Now, for a bit of info ( thanks Wiki!)...

Canada makes more than 80 percent of the world's maple syrup, producing about 26.5 million litres in 2005. The vast majority of this comes from Québec: the province is by far the world's largest producer, with about 75 percent of the world production 24.66 million litres in 2005).

Traditionally, maple syrup was harvested by tapping a maple tree through the bark and into the wood, then letting the sap run into a bucket, which required daily collecting; less labour-intensive methods such as the use of continuous plastic pipelines have since superseded this, in all but cottage-scale production.

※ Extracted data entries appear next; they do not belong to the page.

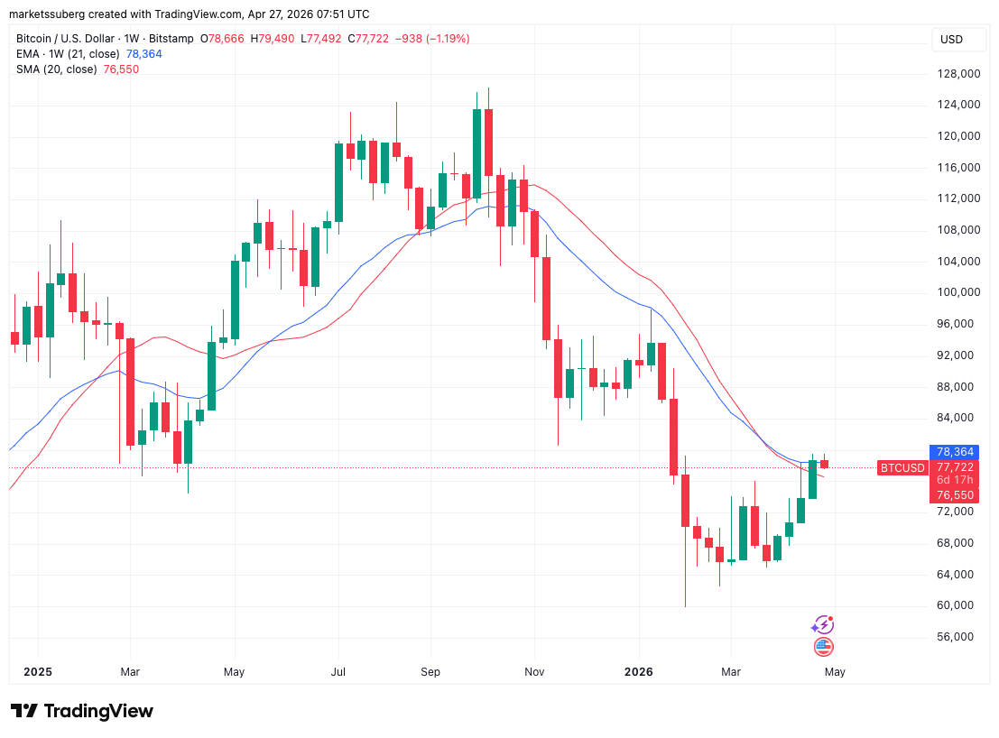 这是其21周指数移动平均线(EMA)——自2025年10月以来该指标始终构成图表阻力。上次收盘高于该线时,交易价格接近11.5万美元。
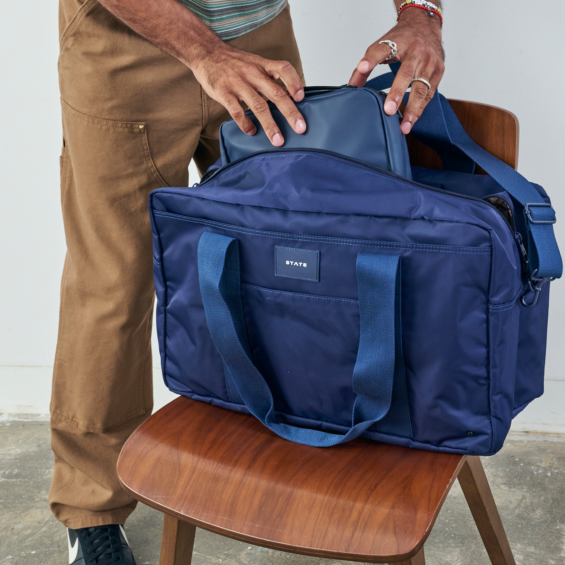 The ultimate weekender bag you’ve been looking for. This duffle-style carry-on slides onto your suitcase with a travel sleeve and is built with thoughtful details like a padded laptop pocket, multiple interior compartments, and detachable pouches for shoes or laundry. Designed for overpackers who want a travel bag that keeps them organized and looking put together.
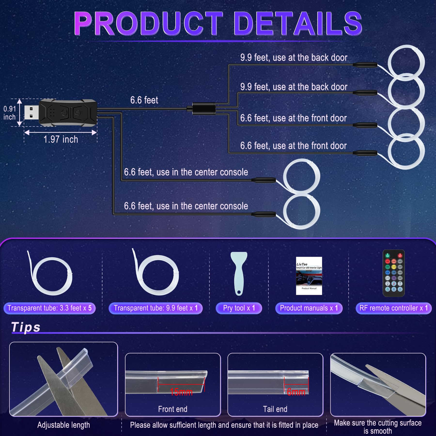 Transparent Tubes: Car led lights interior wireless kit, contains 6 bundles of transparent tubes (5 x 3.3-feet + 1 x 9.9-feet), which can be easily connected to LED light sources. The flexible material can be freely bent and cut, with excellent light guiding performance, the light is even and soft without glare. Simply trim the end and insert the black sealing plug for perfect light effect!
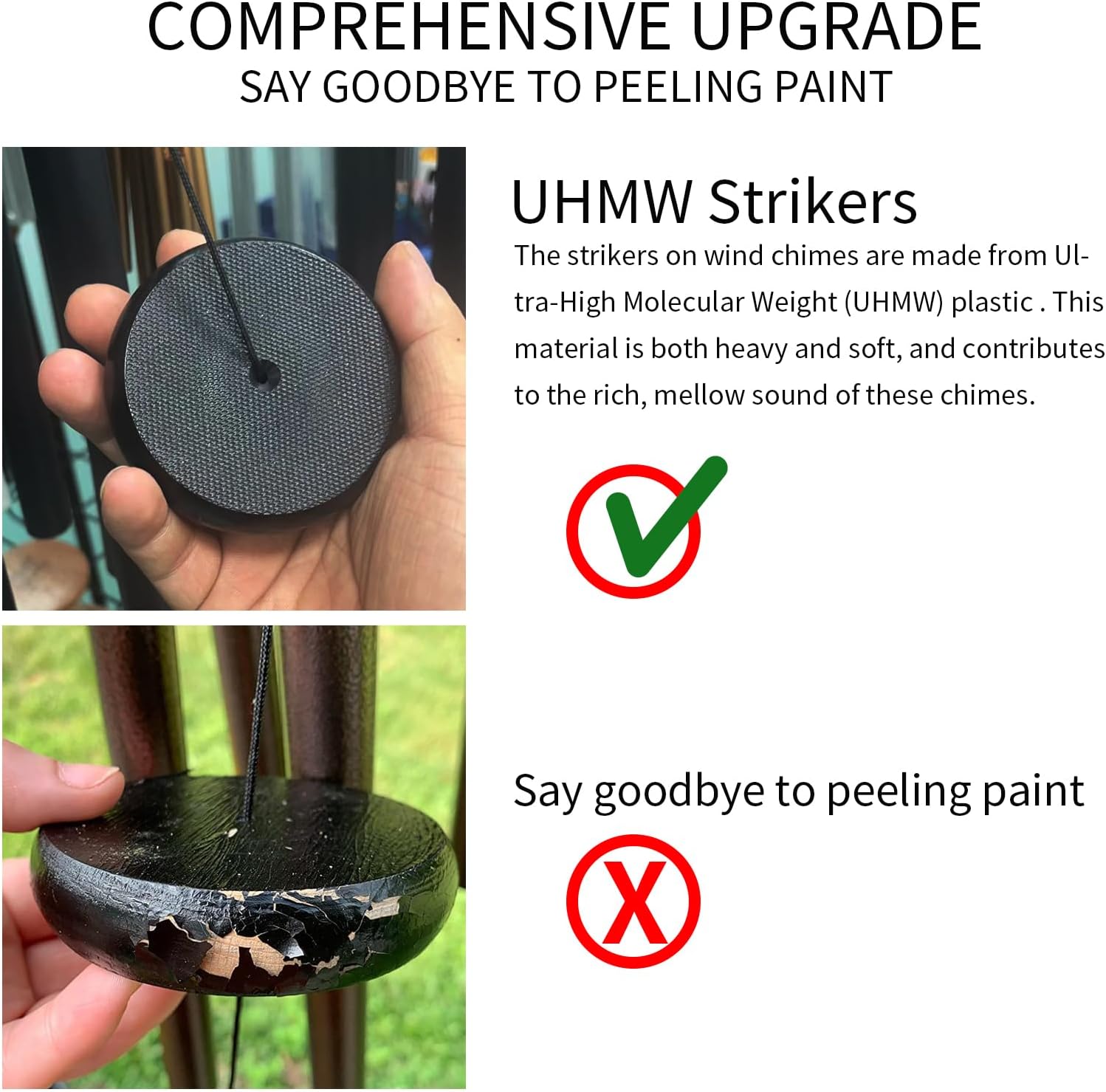- Superior Musical Performance: Our 45" wind chimes feature 6 hand-tuned aluminum tubes that produce a deep, rich tone. The heavy-duty nylon cording and high-density striker ensure clear tones and resonances.
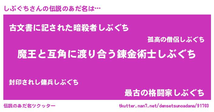 | 男性向けラノベタイトル風あだ名 | 『おまえをオタクにしてやるから、俺をしぶぐちにしてくれ! 』 |
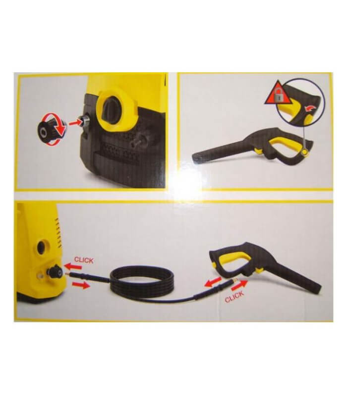 De l'autre côté, il y a un raccord femelle Quick coupling permettant de brancher les flexible karcher avec raccord rapide.
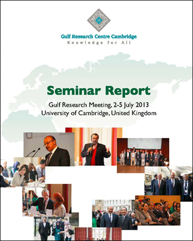 The Seminar Report for the 2012 Gulf Research Meeting (GRM) held on 11-14 July 2012 at the University of Cambridge has been released. This Seminar Report contains a complete overview of GRM 2012 including the opening ceremony and each of the workshops. GRM 2012 was the largest of the three annual Gulf Research Meetings that have been held so far, underlining the attraction of such an event for the Gulf scholarly community. With the third meeting, the GRM continued the realization of its objective to build and extend the bridge of scholarly and academic excellence, and to promote continued exchange among scholars working on this critical part of the world. With the events that continue to impact the Gulf region as well as the entire Middle East, a proper understanding of the issues continues to be urgent and absolutely necessary. GRM 2012 covered a broad spectrum of critical issues currently facing the Gulf region and consisted of 19 workshops, which brought together about 500 participants, including close to 300 paper presenters and well over 100 listening participants. There was an increased response from scholars and other interested persons from the Gulf region itself.

Production is concentrated in March, and April, depending on local weather conditions. Freezing nights and warm days are needed in order to induce sap flows. The change in temperature from above to below freezing causes water uptake from the soil, and temperatures above freezing cause a stem pressure to develop, which, along with gravity, causes sap to flow out of tapholes or other wounds in the stem or branches. To collect the sap, holes are bored into the maple trees and tubes (taps, spouts, spiles) are inserted. Sap flows through the spouts into buckets or into plastic tubing. Modern use of plastic tubing with a partial vacuum has enabled increased production. A hole must be drilled in a new location each year, as the old hole will produce sap for only one season due to the natural healing process of the tree, called walling-off. Maple sap is collected from the buckets and taken to the sugar house; if plastic tubing and pipelines are used, then the pipelines are arranged so that the sap will flow by gravity into the sugar house, or if that is not possible, into holding tanks from which the sap is pumped or transported by tanker truck to the sugar house.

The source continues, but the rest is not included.